The other issue with the theme is the way that guests are wrangled as resources. While mechanically elegant it seems odd. You start with free peasants and use them to buy a bribery expert, who you use to buy a killing expert and a burying expert and set them to work like some sort automated murder team while you sit back and count the money rolling in. Your unseen Inn owner never actually does anything, they pay off their accomplices a fairly petty amount of money considering the tasks that they’re taking part in and become mighty rich in the process. It doesn’t feel as though it would be unreasonable to have had some kind of marker to represent yourself to some degree within the game itself to place the theme to some degree. I feel like I would quite like to know if its me cracking the local baron over the back of the head rather than the passing peacekeeper that I’ve tossed a few quid to for the job.

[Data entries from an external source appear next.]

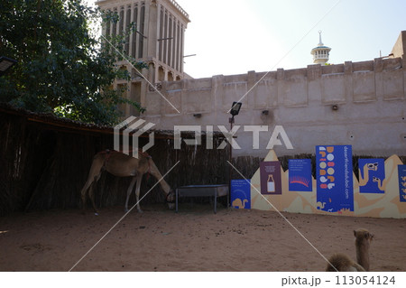 アルファヒディ地区のアラブの伝統的な建物とラクダ
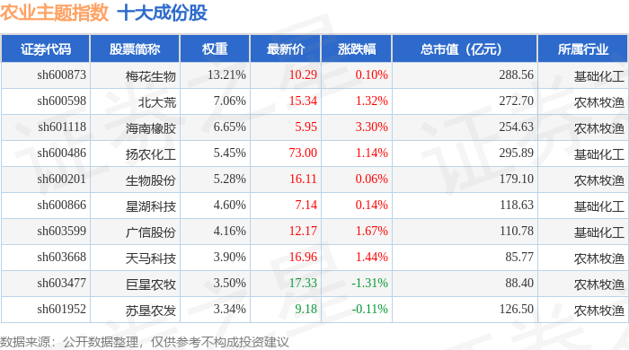 农业主题(000122)指数十大成份股详情如下:
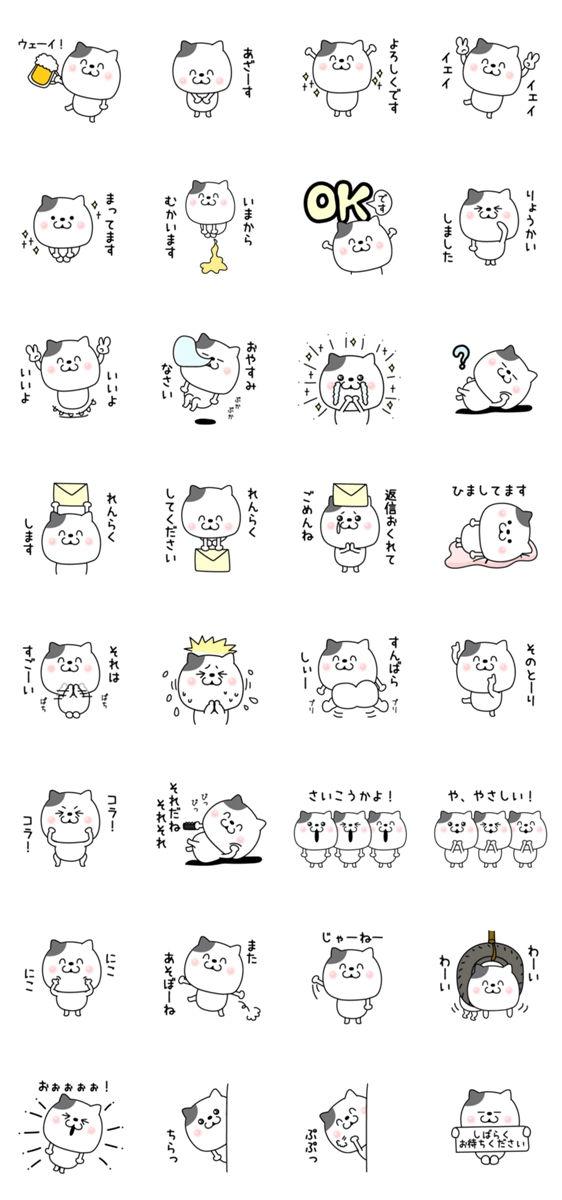 いーつもニコニコしている猫ちゃんです。トークの合間にどうぞ。絵文字もあります。
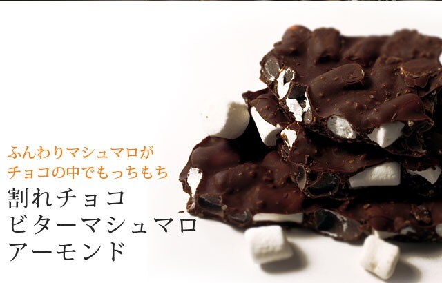 もちもち感がたまらない♪ほろ苦ビターチョコレートの口どけとマシュマロのモチモチ感が新たな食感を生み出しました。
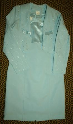 Платье небесно-голубого цвета, прямое, до колен. Верх атласный, к платью есть болеро. 500 руб.Платье из Германии, одето 2 раза. Размер 42-44.
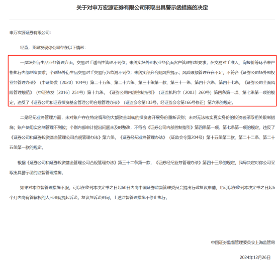 申万宏源证券因场外衍生品业务和经纪业务的违规事项被上海证监局采取出具警示函措施,违规行为涉及交易对手适当性管理不到位、未落实场外期权业务负面客户管理机制要求、风险限额管理存在不足等六项,触及的条例多达十条。国信证券则因场外衍生品业务存在为客户违规开展业务提供便利、适当性核查不完善等问题,被深圳证监局责令改正。银河证券也因衍生品业务和经纪业务违规,被北京证监局采取出具警示函的行政监管措施。
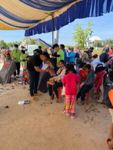 While serving in a different refugee camp yesterday, we witnessed something very moving. Cambodian Christian volunteers were providing haircuts, hair washing, and fingernail trimming under a tent. Hundreds of children and adults were waiting patiently in chairs for their turn. These volunteers were wearing blue shirts donated by a Korean church. On the shirts was a logo with the words “Healing Fields.” When I saw those words, my heart was deeply touched as I reflected on Cambodia’s journey—from the Killing Fields, to Healing Fields, and now, once again, battlefields.
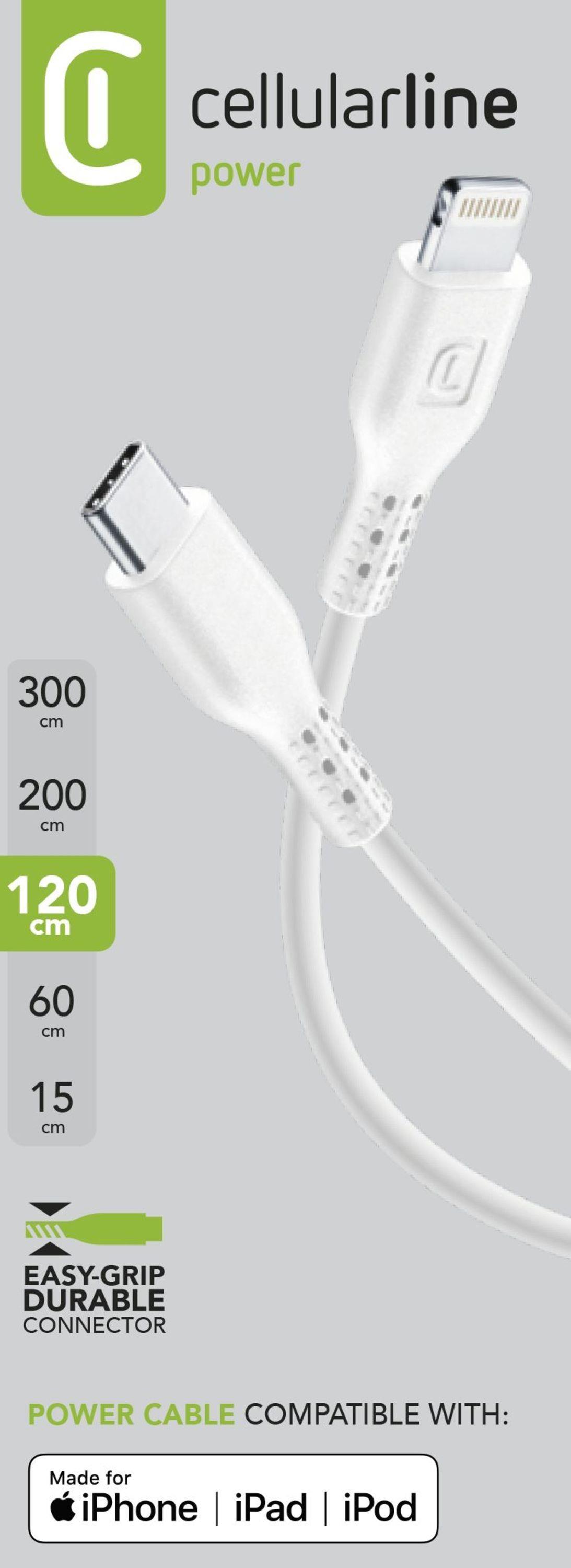 Cellularline USBDATAC2LMFI1MW. Kabellänge: 1,2 m, Anschluss 1: Lightning, Anschluss 2: USB C. Menge pro Packung: 1 Stück(e), Verpackungsbreite: 90 mm, Verpackungstiefe: 24 mm (USBDATAC2LMFI1MW)
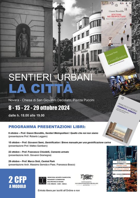 Una “lezione” speciale con Gianni Biondillo. Al via martedì 8 ottobre il primo ciclo di “Sentieri urbani”, l’iniziativa proposta dall’Ordine degli Architetti PPC delle Province di Novara e del Vco, attraverso la Commissione Formazione. Nel segmento “La città” l’incontro nella chiesa di San Giovanni Decollato a Novara. Sul tavolo due libri di Biondillo, milanese, docente all’Accademia di Architettura di Mendrisio, architetto, narratore e psicogeografo: “Sentieri metropolitani” (Bollati Boringhieri)” e “Quello che non siamo” (Guanda).
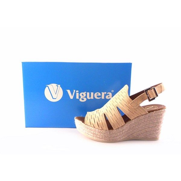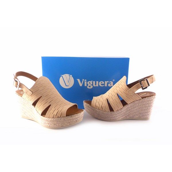 Alpargatas para mujer de la colección de Viguera. Sandalias de cuña de yute esparto de 8,5 cm con piso de 3,5. Planta acolchada en piel. Suela engomada antideslizante. Material: piel vacuno antelina suave y adaptable.
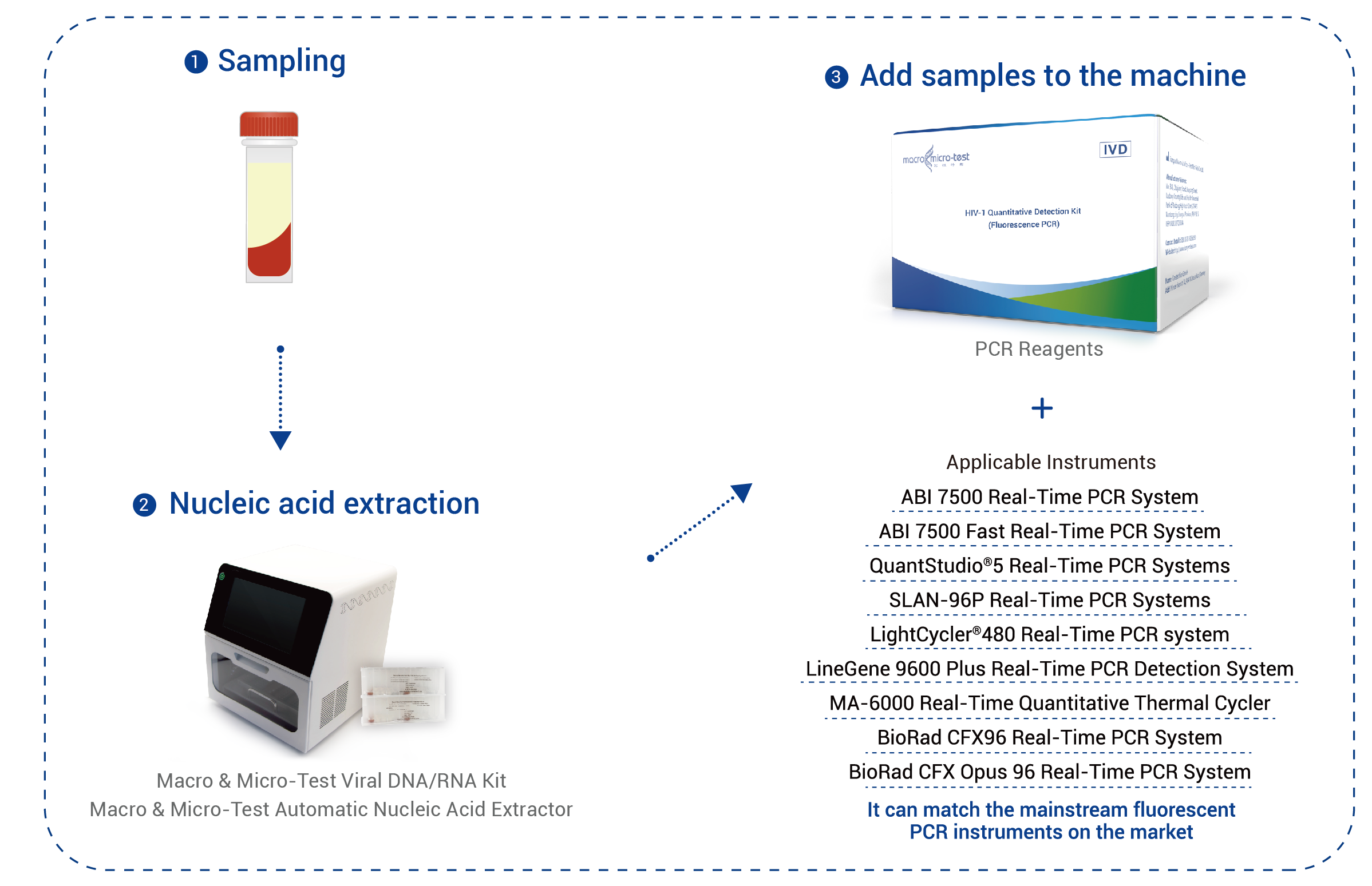 Recommended extraction reagents: Macro & Micro-Test Virus DNA/RNA Kit (HWTS-3017) (which can be used with Macro & Micro-Test Automatic Nucleic Acid Extractor (HWTS-EQ011)) by Jiangsu Macro & Micro-Test Med-Tech Co., Ltd.. The extraction should be conducted according to the instruction manual. The sample volume is 300μL, the recommended elution volume is 80μL.
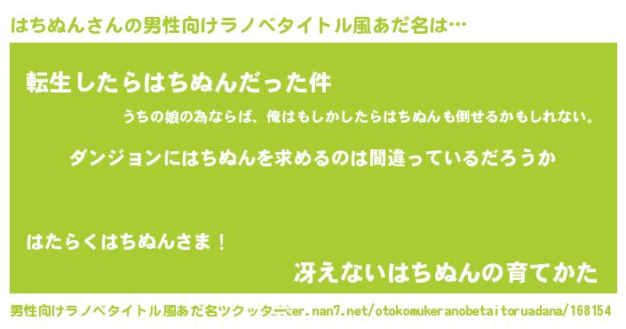 | 女子向けラノベタイトル風あだ名 | 『はちぬんの卵を拾いまして』 |
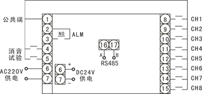 | A | 八回路高亮度LED平面板顯示(燈光式) | A B C D | 接點(diǎn)式閉路報(bào)警輸入 接點(diǎn)式開(kāi)路報(bào)警輸入 標(biāo)準(zhǔn)TTL電平輸入 特殊要求 |
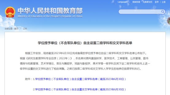 10月9日,教育部公布最新学位授予单位(不含军队单位)自主设置二级学科和交叉学科名单,成人色情
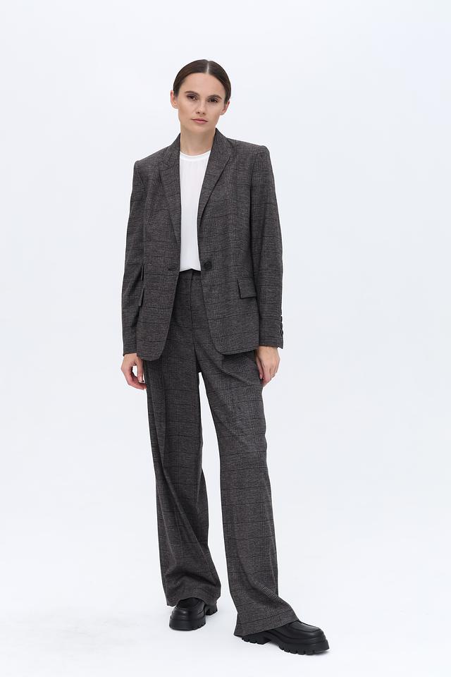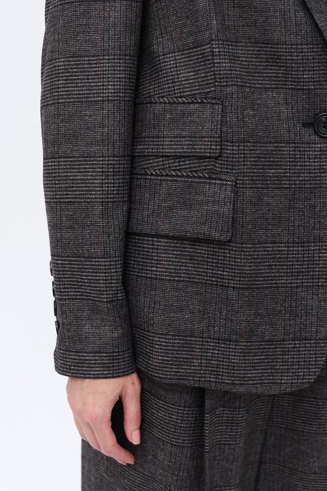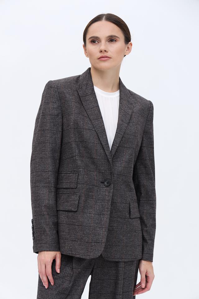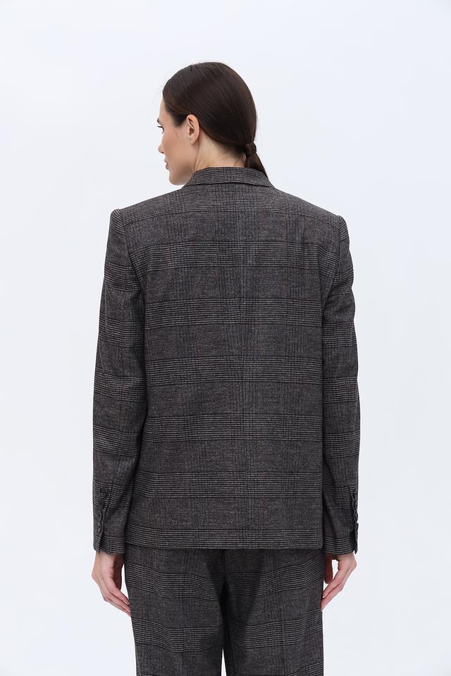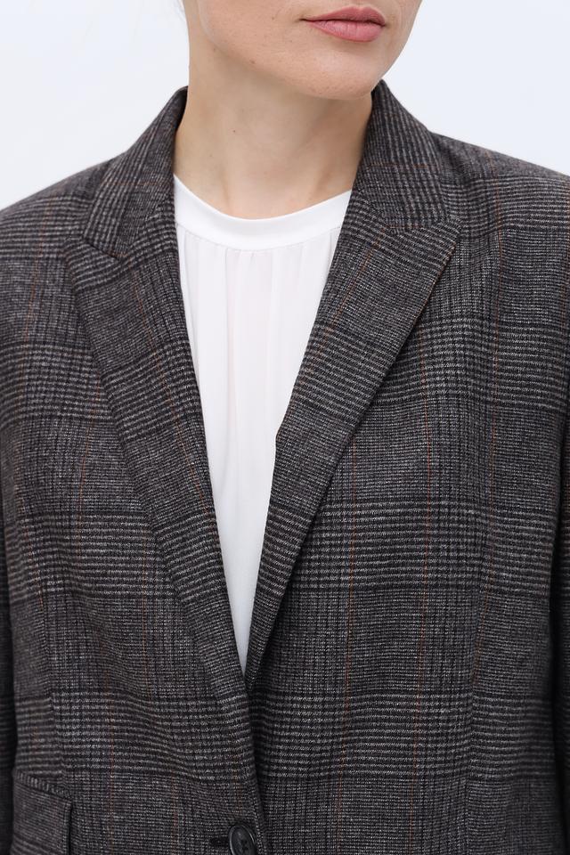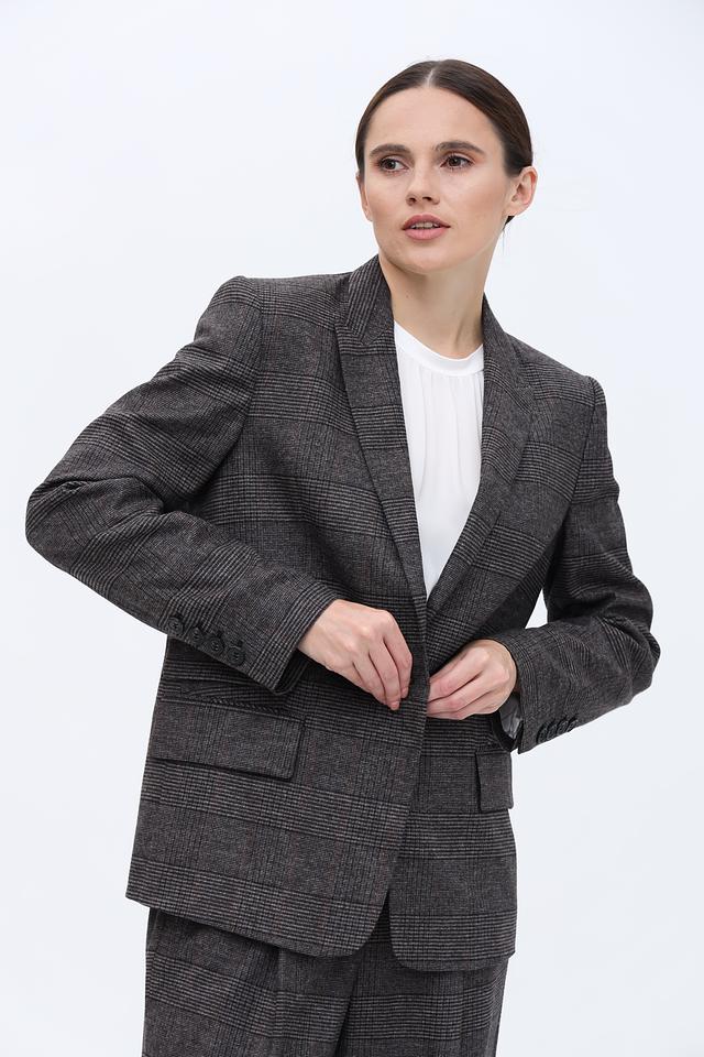 Основной цвет жакета – серый, но благодаря клетчатому рисунку в тонких черных и коричневых линиях, он выглядит интересно и необычно. Этот жакет станет отличным дополнением к вашему гардеробу и позволит создавать разнообразные стильные образы.
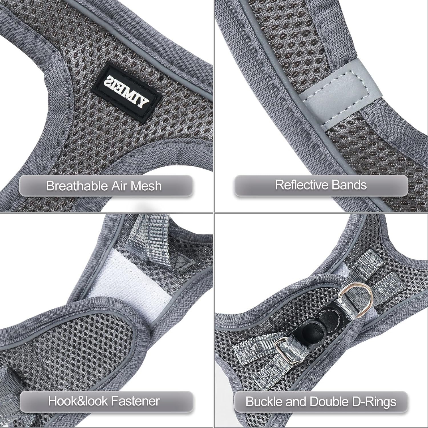 YIMEIS Dog Harness and Leash Set, No Pull Soft Mesh Pet Harness, Reflective Adjustable Puppy Vest for Small Medium Large Dogs, Cats (Gray, Medium (Pack of 1)
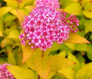 - Цветение: некрупные розовые щитковидные соцветия появляются в июне-июле.

In conclusion, it is a solid and well running solo game. I suspect it would have run just as happily if it had come in as largely abstract, but the artwork is attractive and the theme both unusual and intriguing, so I’m willing to ultimately forgive that it’s a little superfluous. I’ll keep it in the rotation and happily play it again, which isn’t true for many solo games of this nature, so that has to be a good thing.